- [ASSIGNMENT] In the copy, include all of the listing exactly and none of its pictures.
===== GIVEN RECORDS
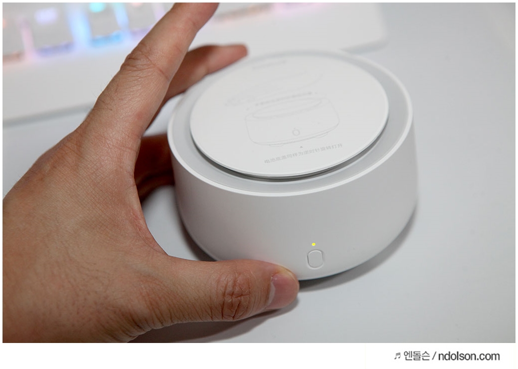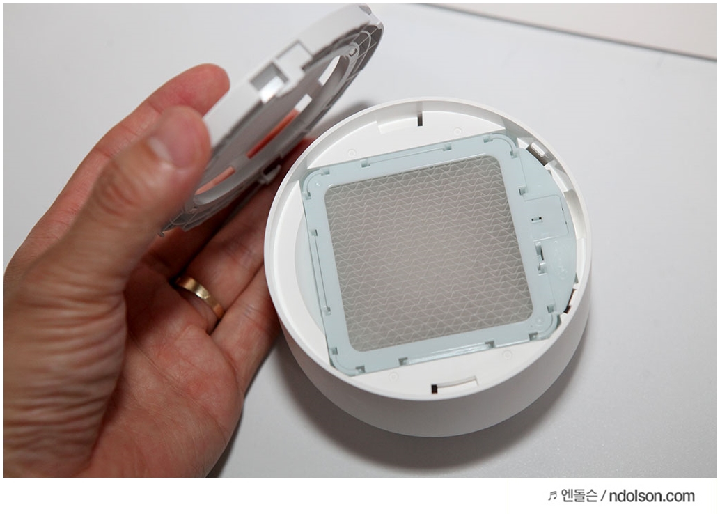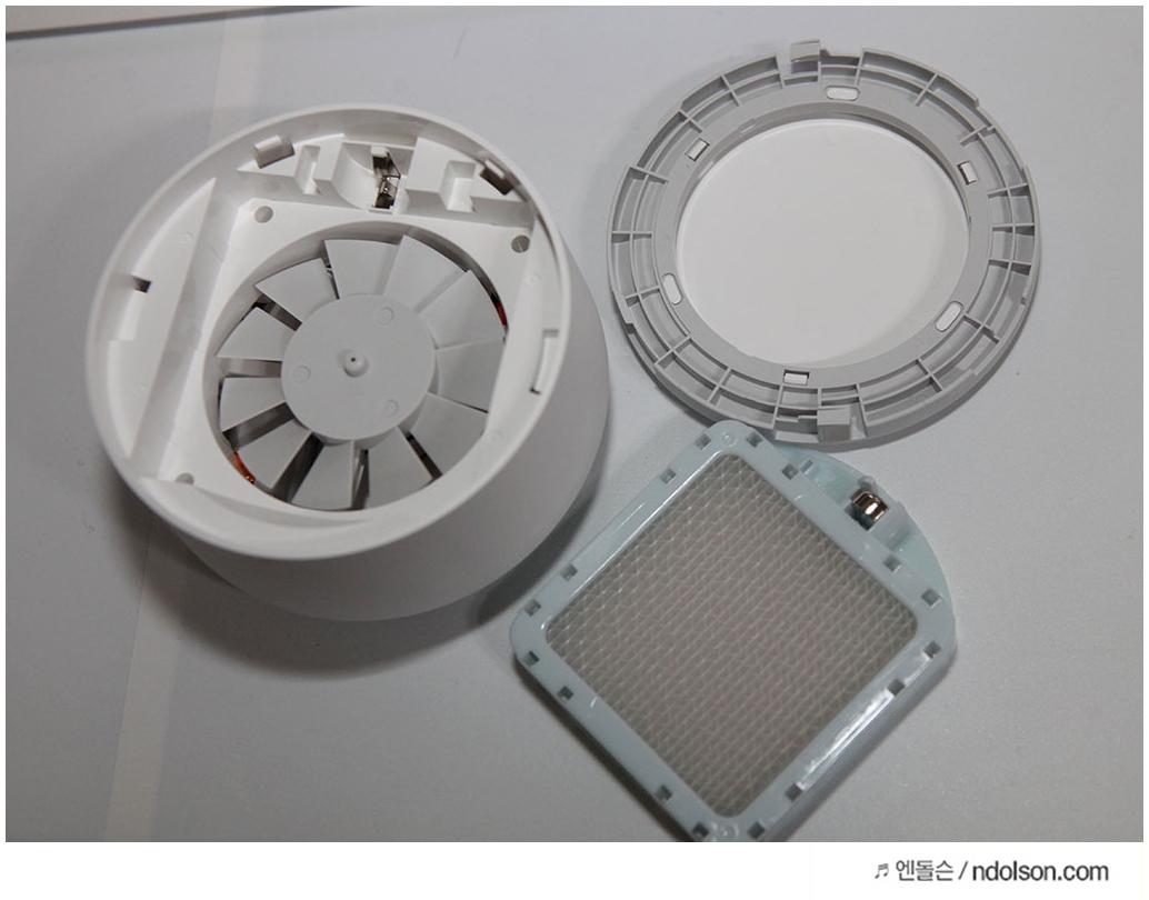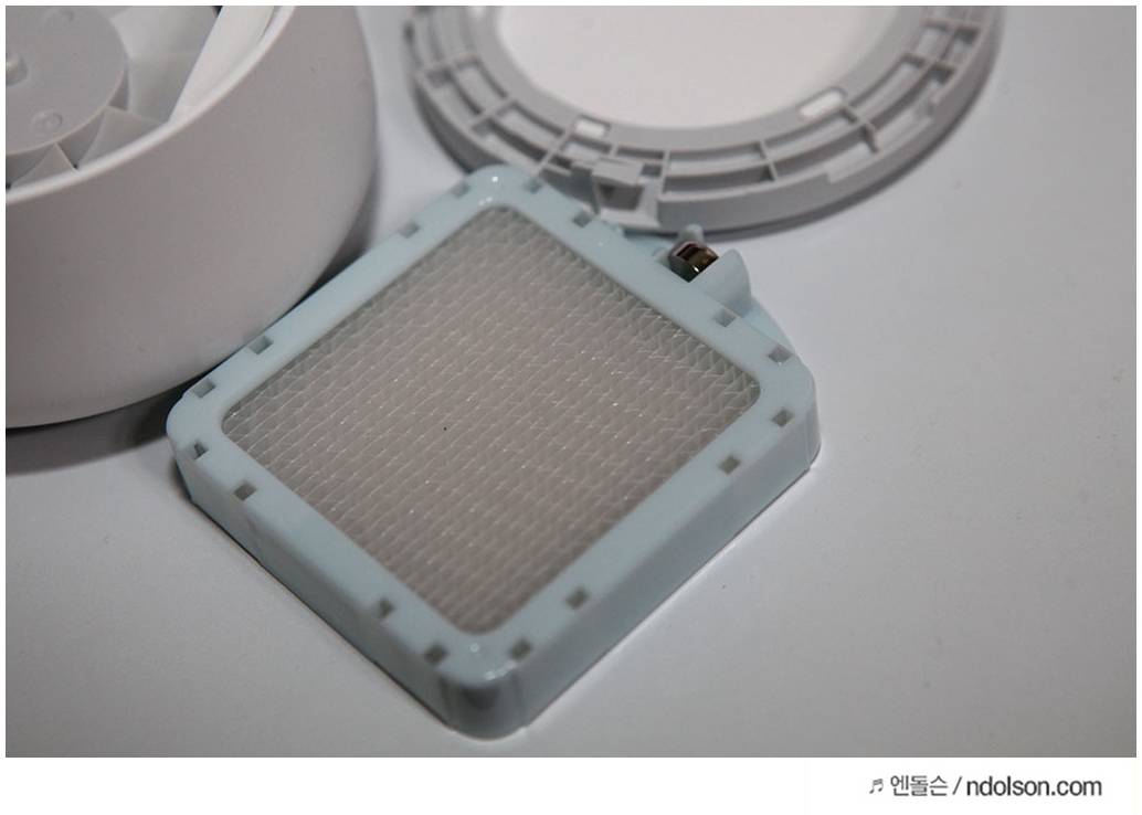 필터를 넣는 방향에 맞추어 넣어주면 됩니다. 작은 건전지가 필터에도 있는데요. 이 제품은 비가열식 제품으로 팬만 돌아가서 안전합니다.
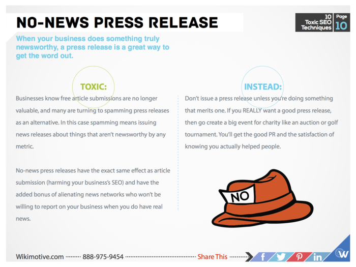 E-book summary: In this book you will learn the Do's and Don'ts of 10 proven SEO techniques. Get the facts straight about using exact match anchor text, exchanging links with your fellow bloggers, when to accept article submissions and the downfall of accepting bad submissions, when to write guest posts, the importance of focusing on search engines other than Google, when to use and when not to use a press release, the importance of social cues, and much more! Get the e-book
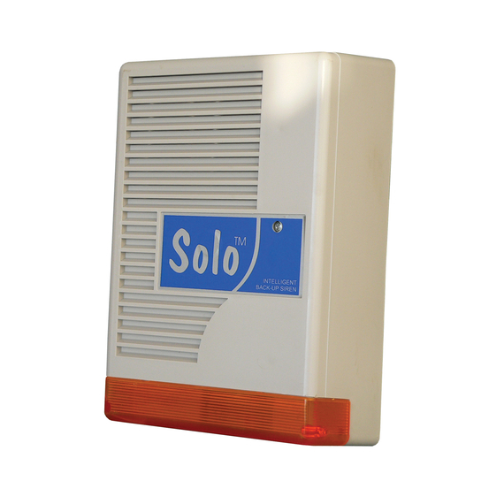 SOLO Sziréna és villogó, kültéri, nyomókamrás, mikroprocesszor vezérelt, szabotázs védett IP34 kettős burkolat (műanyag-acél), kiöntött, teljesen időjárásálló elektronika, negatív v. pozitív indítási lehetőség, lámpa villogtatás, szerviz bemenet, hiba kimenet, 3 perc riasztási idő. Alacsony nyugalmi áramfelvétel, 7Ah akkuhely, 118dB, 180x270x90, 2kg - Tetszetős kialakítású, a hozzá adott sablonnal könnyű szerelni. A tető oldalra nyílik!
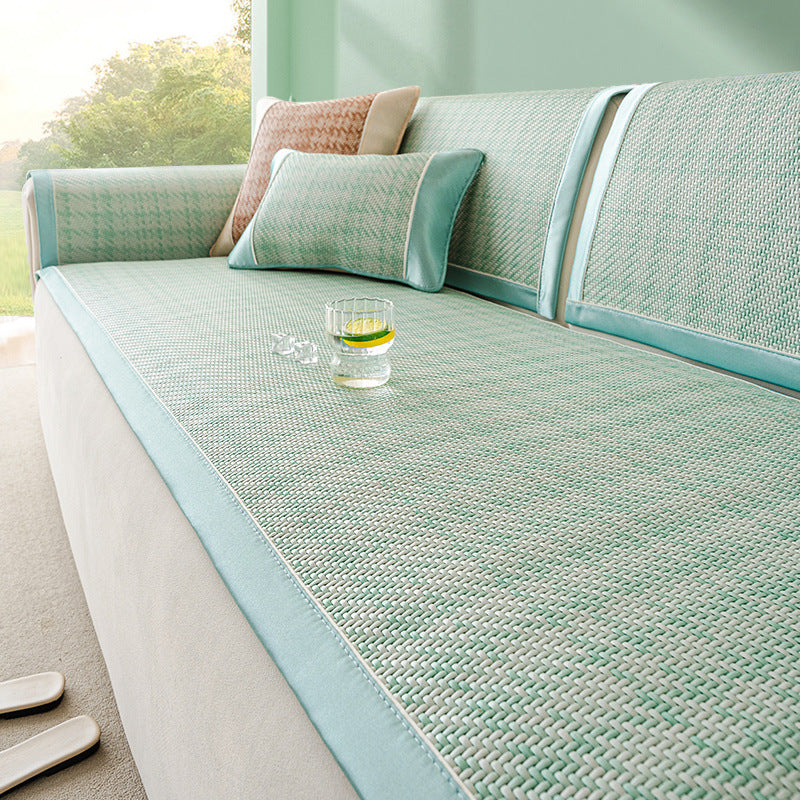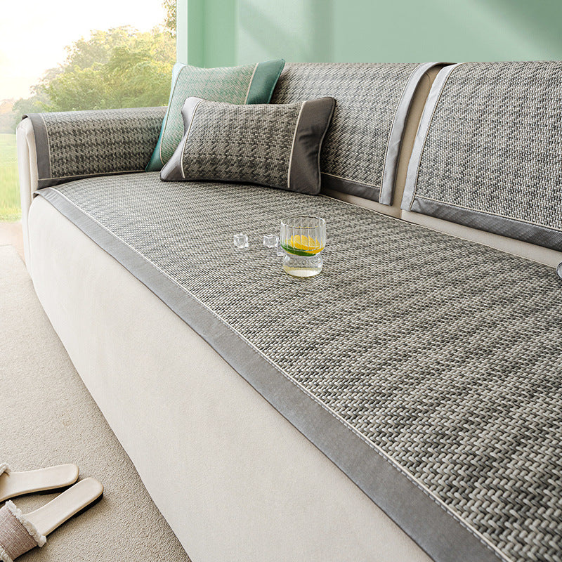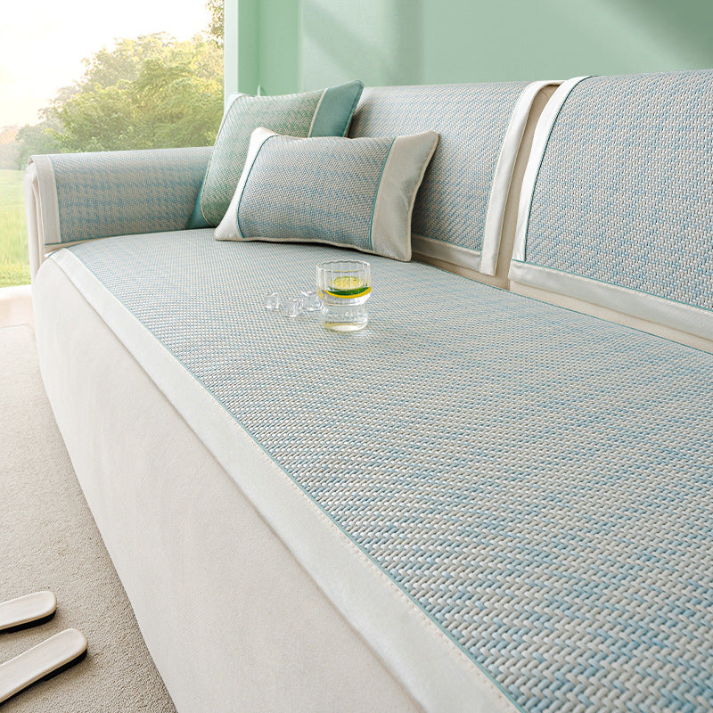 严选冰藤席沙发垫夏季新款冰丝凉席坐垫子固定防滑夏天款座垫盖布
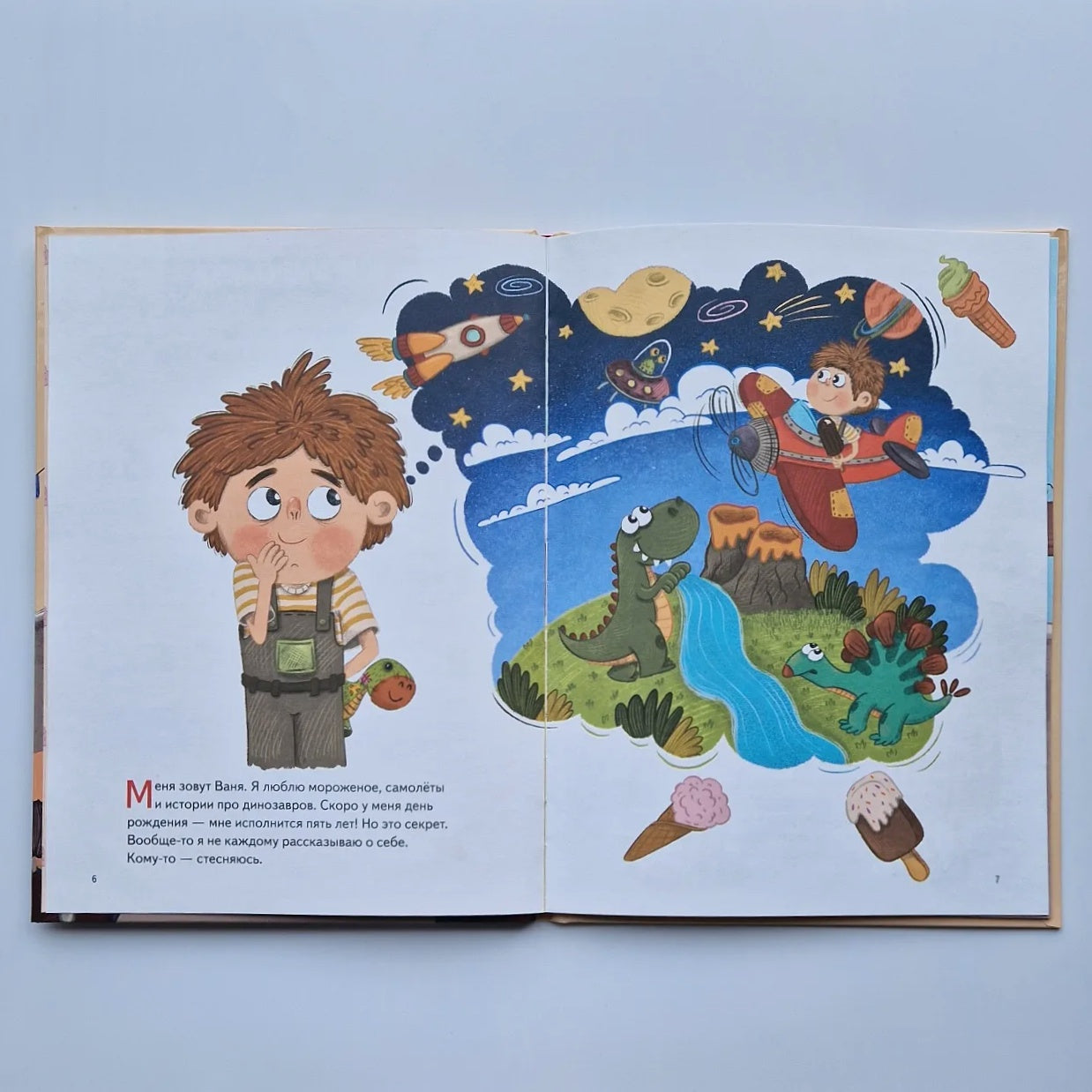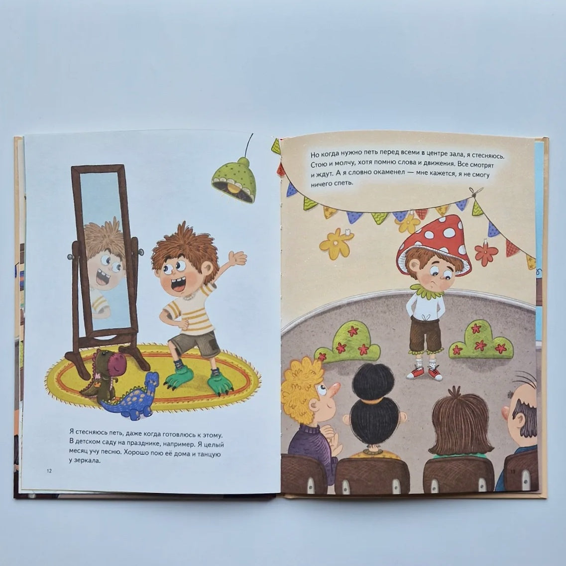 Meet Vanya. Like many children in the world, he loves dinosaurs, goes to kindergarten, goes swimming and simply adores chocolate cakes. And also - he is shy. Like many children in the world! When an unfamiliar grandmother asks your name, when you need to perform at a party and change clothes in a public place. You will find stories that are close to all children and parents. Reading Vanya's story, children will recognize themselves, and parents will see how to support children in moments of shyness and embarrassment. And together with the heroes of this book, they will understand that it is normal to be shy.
==========
- [ANSWER SECTION]
 필터를 넣는 방향에 맞추어 넣어주면 됩니다. 작은 건전지가 필터에도 있는데요. 이 제품은 비가열식 제품으로 팬만 돌아가서 안전합니다.
 E-book summary: In this book you will learn the Do's and Don'ts of 10 proven SEO techniques. Get the facts straight about using exact match anchor text, exchanging links with your fellow bloggers, when to accept article submissions and the downfall of accepting bad submissions, when to write guest posts, the importance of focusing on search engines other than Google, when to use and when not to use a press release, the importance of social cues, and much more! Get the e-book
 SOLO Sziréna és villogó, kültéri, nyomókamrás, mikroprocesszor vezérelt, szabotázs védett IP34 kettős burkolat (műanyag-acél), kiöntött, teljesen időjárásálló elektronika, negatív v. pozitív indítási lehetőség, lámpa villogtatás, szerviz bemenet, hiba kimenet, 3 perc riasztási idő. Alacsony nyugalmi áramfelvétel, 7Ah akkuhely, 118dB, 180x270x90, 2kg - Tetszetős kialakítású, a hozzá adott sablonnal könnyű szerelni. A tető oldalra nyílik!
 严选冰藤席沙发垫夏季新款冰丝凉席坐垫子固定防滑夏天款座垫盖布
 Meet Vanya. Like many children in the world, he loves dinosaurs, goes to kindergarten, goes swimming and simply adores chocolate cakes. And also - he is shy. Like many children in the world! When an unfamiliar grandmother asks your name, when you need to perform at a party and change clothes in a public place. You will find stories that are close to all children and parents. Reading Vanya's story, children will recognize themselves, and parents will see how to support children in moments of shyness and embarrassment. And together with the heroes of this book, they will understand that it is normal to be shy.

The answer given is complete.